Rechtes Gedankengut bei Naturschützern: Ökos mit Anfälligkeit für rechts
Spielen rechtsextreme Positionen bei Naturschützern eine Rolle? Eine Befragung an Studiengängen zu Umwelt- und Naturschutz liefert eine Antwort.
Erstmals befragten die Forscher*innen gezielt Studierende von Studiengängen wie Wald- und Forstwirtschaft, nachhaltiges Wirtschaften oder Landschafts- und Naturschutz. In die Arbeit ein gingen Antworten von 804 Studierenden an 34 Hochschulen. Dabei seien „problematische Einstellungstendenzen deutlich geworden, die sehr ernst zu nehmen und nicht zu verharmlosen sind“, sagt Lukas Nicolaisen, Leiter von FARN.

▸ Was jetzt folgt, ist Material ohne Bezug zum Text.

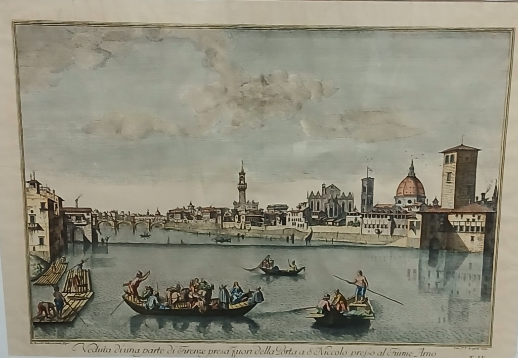 7 Travail ITALIEN du XIXe siècle "Vue de Florence et de l'Arno". Grande vue d'optique en couleur, dessinée et gravée par ZOCCHI. Editée par B.S GRILLI. XIXe siècle. 43 x 62 cm
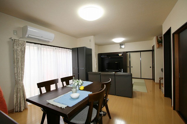 - 玄関横でピアノに占領されていた4.5帖の和室は台所を移動し、LDKにすることで奥の続き間の和室と繋げて広く使えます。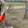 Ültetés előtt vágjuk vissza a gyökereket, hogy a földbe helyezés után a friss vágások mentén hamarabb terjeszkedjenek. A frissen ültetett fát locsoljuk meg jól, hogy a víz bemossa a földet a gyökerek közé. Felkupacolva, kis hantba rendezve egy karóval érdemes megtámasztani a fát, amíg nem rögzül. Ha szeretnénk trágyázni a földet, figyeljünk rá, hogy a gyökerek ne érintkezzenek a trágyával, mert az bomláskor felmelegszik, és a gyökerek könnyen megfőhetnek.
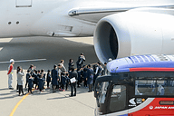まず、園児らは、関西国際空港の団体バス乗り場からバスに搭乗。ここで利用されたバスは、JALの関西~ロサンゼルス線就航を記念したラッピングバスだ。そして、ランプへとバスが到着すると、CA(客室乗務員)や地上スタッフ、整備士らに迎えられ、初便に使われるボーイング787-8(JA823J)の前へと降り立った。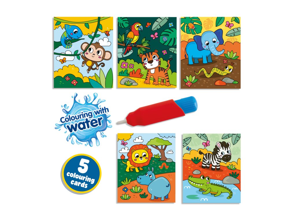 Objevte vodní omalovánky – Safari, ideální pro kreativní hru bez nepořádku. Jednoduše naplňte doplňovací vodní pero a sledujte, jak barevné scény safari ožívají. Tato kniha je ideální pro děti, aby si znovu a znovu užívaly kreativní činnosti. Znovu použitelné stránky vyschnou a vrátí se do původního stavu pro nekonečnou zábavu. Podporuje jemné motorické dovednosti a představivost – ideální pro malé průzkumníky. Sada obsahuje 5 stran omalovánek a doplňovací vodní štětec s jemnou špičkou. Rozměry balení: 25 x 15 x 2,5 cm. Věk: 3+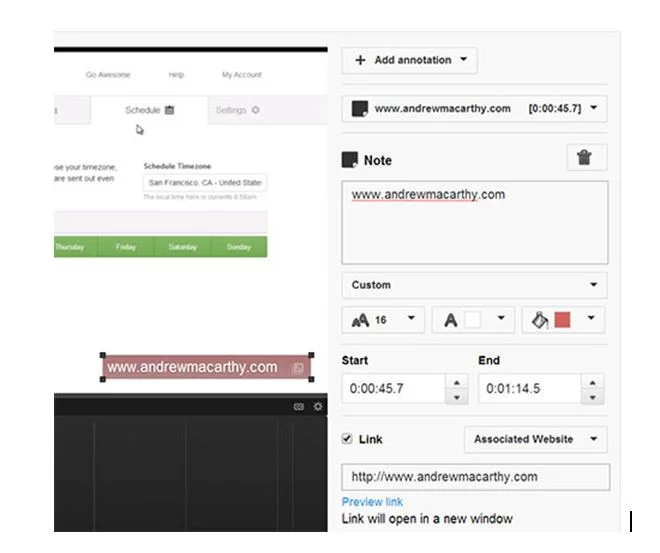If you add a watermark to your videos, one obvious use for this function is to place a transparent Associated Website Annotation right on top of it for the whole duration of your content. Alternatively, if the annotation is on show (as above), you can audibly direct viewers to click on it as a way to drive traffic to your website.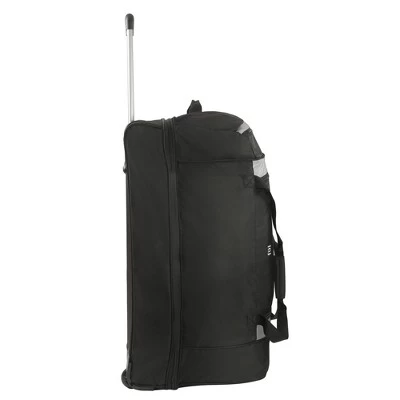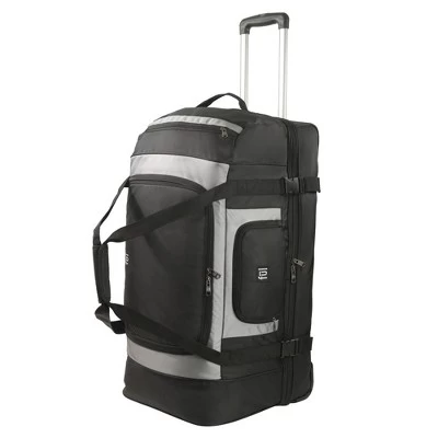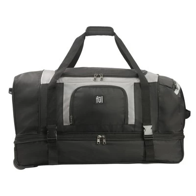 For long trips, there is no duffel like the FUL Rig 30in Rolling Duffel Bag. It is mobile on corner-mounted wheels for smooth and easy wheeling through airports and includes a single-Stage retractable handle. It offers split-level storage that lets you organize your essentials with ease, or you can have one large storage compartment with the pass-through zipper panel. The upper compartment includes a zip pocket on each side and the front. A full-length bottom compartment is ideal for large or bulky clothing items and includes a compression strap to secure contents. Adjustable exterior compression straps help compress your contents and keep it secure. Finally, front and rear grab handles make for quick and easy loading into overhead storage bins or trunks.-Mobile on corner-mounted wheels for smooth and easy wheeling through airports.-Single-Stage retractable handle makes travel a breeze and tucks away when not in use.-Split-level storage lets you organize your essentials with ease, or you can have one large storage compartment with the pass-through zipper panel.-Upper compartment includes a zip pocket on each side and the front of the bag. -Full-length bottom compartment is ideal for large or bulky clothing items and includes a compression strap to secure contents. -Includes adjustable exterior compression straps to help compress your contents and keep it secure. -Front and rear grab handles make for quick and easy loading into overhead storage bins or trunks.-30H X 15W X 14D-Imported.-This product may contain a chemical known by the state of California to cause cancer, birth defects, or other reproductive harm. www.p65warnings.ca.gov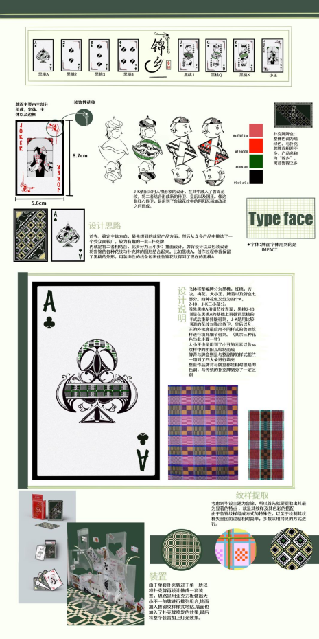 作品以扑克牌的形式展现,以装置以及产品的方式来表现鲁锦。体现鲁锦工艺的魅力,将鲁锦独特的魅力通过产品的特点表达出来,通过这一套弘扬鲁锦文化的作品,以鲁锦花纹为元素,将鲁锦传统的美感压缩在产品之中,将产品赋予一种耐人寻味的特性。后会以系列产品为媒介,大力弘扬鲁锦工艺,传统的工艺是优秀的,而优秀的东西是值得传承的。

Allianzen von ökologisch Bewussten und rechtsextrem Bewegten gibt es nicht erst seit den Protesten gegen die Pandemiemaßnahmen. Naturschutzverbände bemühen sich immer wieder um Distanz.
Knapp 30 Prozent der für die Studie Befragten wussten um rechtsextreme und/oder rechtspopulistische Akteur*innen an ihren Einrichtungen. Sie berichteten von teils gewalttätigen Stör- und Sabotageversuchen einzelner Personen oder Gruppierungen des neurechten Spektrums, die der Identitären Bewegung, der Jungen Alternative für Deutschland und einschlägigen Burschenschaften zuzurechnen seien.

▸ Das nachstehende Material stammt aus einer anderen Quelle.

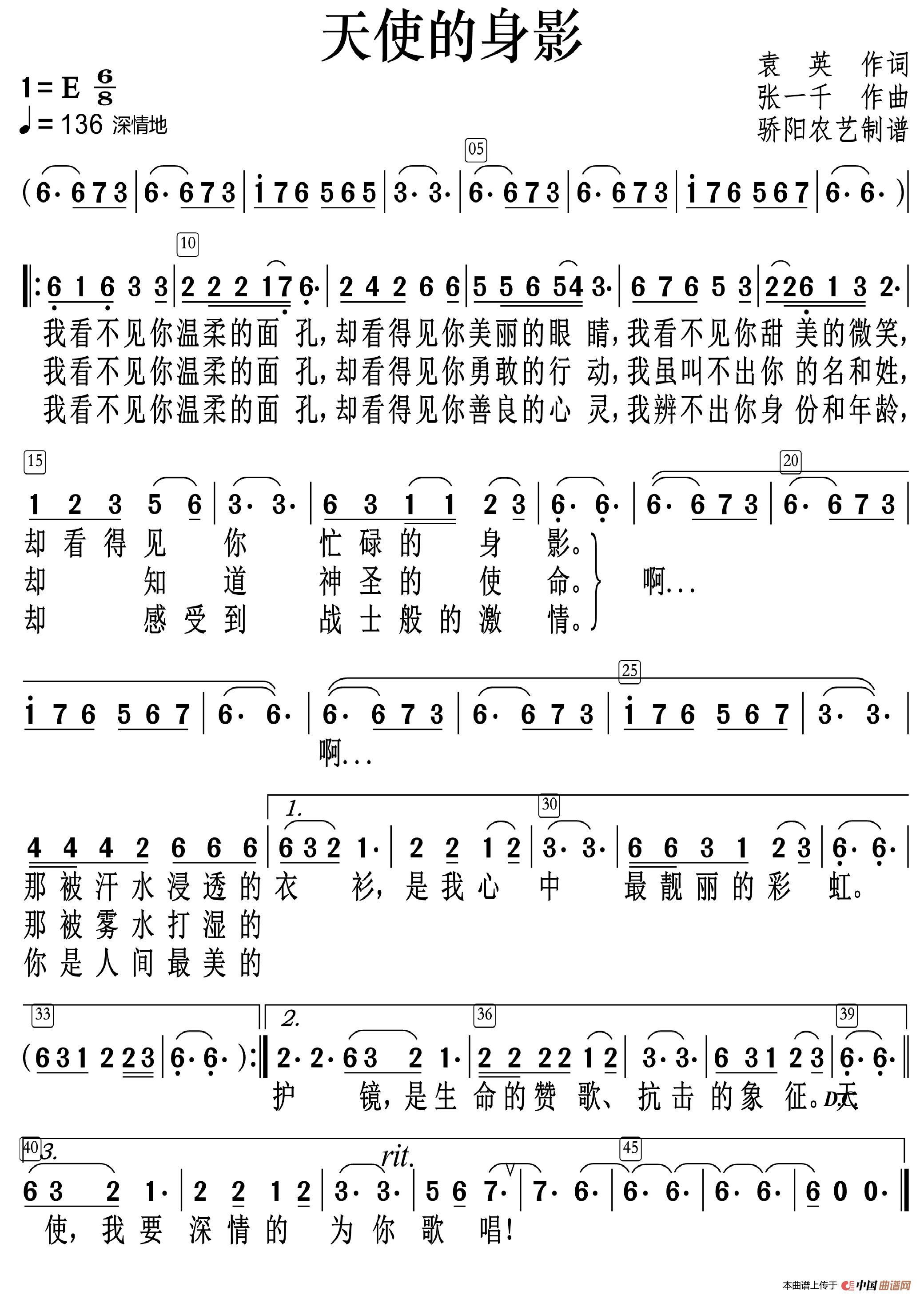 宋春雁演唱的天使的身影歌词,天使的身影最新曲谱.
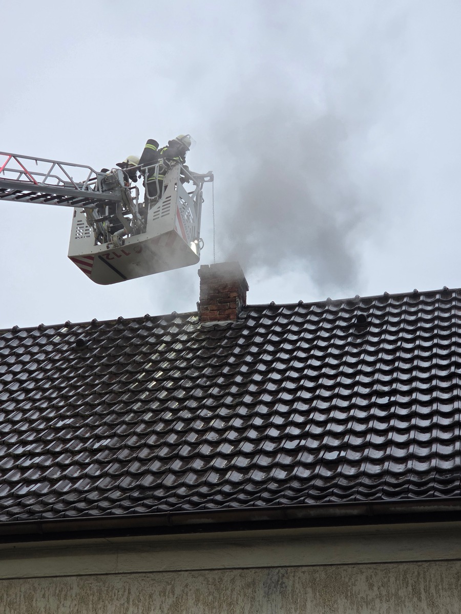 Der zwischenzeitlich eingetroffene Schornsteinfeger begutachtete die Maßnahmen der Feuerwehr.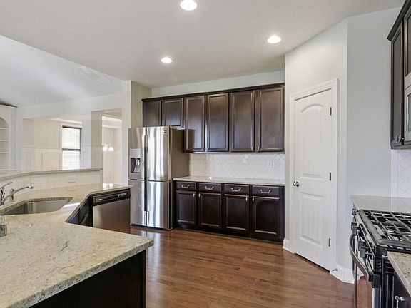 - Kitchen Features: Breakfast Bar, Cabinets Stain, View to Family Room, Stone Counters, Pantry Walk-In, Breakfast Room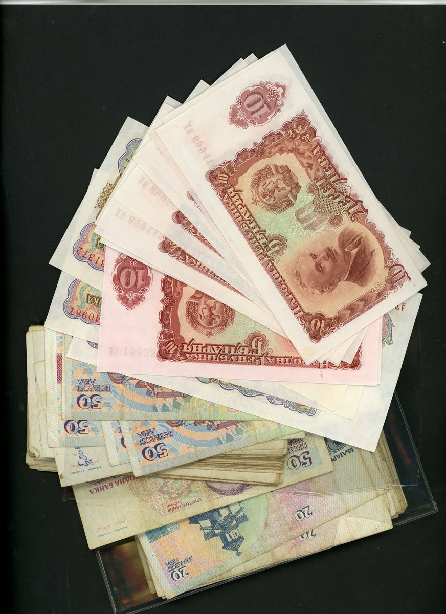 A group of Bulgaria, 20 leva (40), also including 50 leva 1992, (40) 50 leva 1951 (3), 10 leva 1951 (11),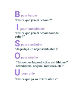 Pour éviter la surconsommation, la méthode BISOU propose de se poser les bonnes questions avant un achat.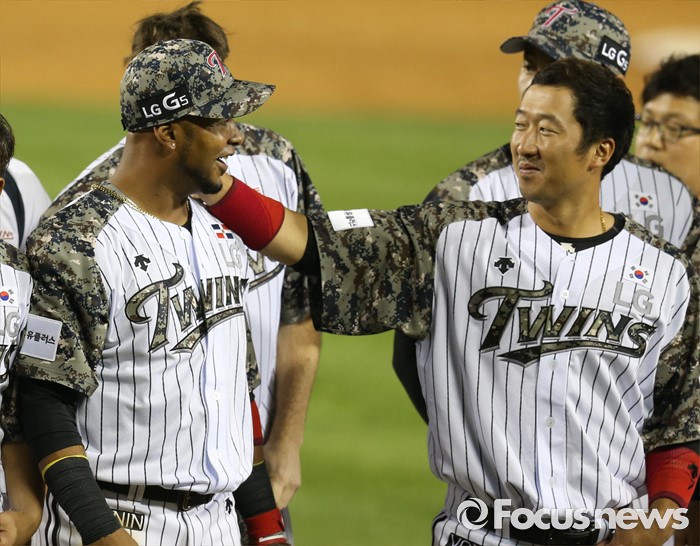 (서울=포커스뉴스) 24일 서울 잠실구장에서 열린 2016 프로야구 넥센-LG 경기에서 LG 이병규가 3점 홈런으로 역전승을 이끈 히메네스의 머리를 쓰다듬고 있다.

Rechte interessieren sich für Umwelt- und Heimatschutz
Zuletzt hat sich dieses Spektrum verstärkt für Umwelt-, Tier-, Heimat- und sogenannten Volksschutz eingesetzt. Seit 2020 erscheint aus der Szene heraus die Zeitschrift für Naturschutz Die Kehre. In einem Interview mit dieser führt etwa der thüringische AfD-Landtagsfraktionsvorsitzen-de Björn Höcke aus, dass es ein „Treppenwitz und Unglück zugleich“ sei, „dass ausgerechnet“ die Grünen das „Thema Natur- und Umweltschutz restlos gekapert“ hätten.
Die rechten Ressentiments sind keine rein studentische Angelegenheit. Positive Bezüge würden ebenso von Dozierenden und Gastdozierenden aus dem rechtsesoterischen Milieu forciert, heißt es in der Studie. 15 Prozent der Befragten gaben an, „im Studium mit menschenfeindlichen und extrem rechten Positionen“ konfrontiert zu sein. Die Hälfte der Äußerungen kämen von Studierenden, gut 30 Prozent von Dozierenden. Vorderste Motive seien verschiedene Formen von Rassismus in Kombination mit der Annahme einer „Überbevölkerung“ und sozialdarwinistischen Positionen.
Bei Fragen zu ihrer eigenen Einstellung zeigten die Befragten eine starke Ambivalenz. 55 Prozent stimmten eher oder voll und ganz zu, dass Hauptursache für viele Umweltprobleme eine Überbevölkerung sei. 30 Prozent fanden eher oder voll und ganz, dass Verhütungskampagnen in ärmeren Ländern mit hohen Geburtenraten eine gute Maßnahme für globalen Umweltschutz seien. Die Einschätzung, dass Menschen, Tiere und Pflanzen gleichwertig seien und so behandelt werden sollten, teilten 70 Prozent. Mehr als die Hälfte meinte, die Natur zeige, was für Menschen und das Zusammenleben richtig sei.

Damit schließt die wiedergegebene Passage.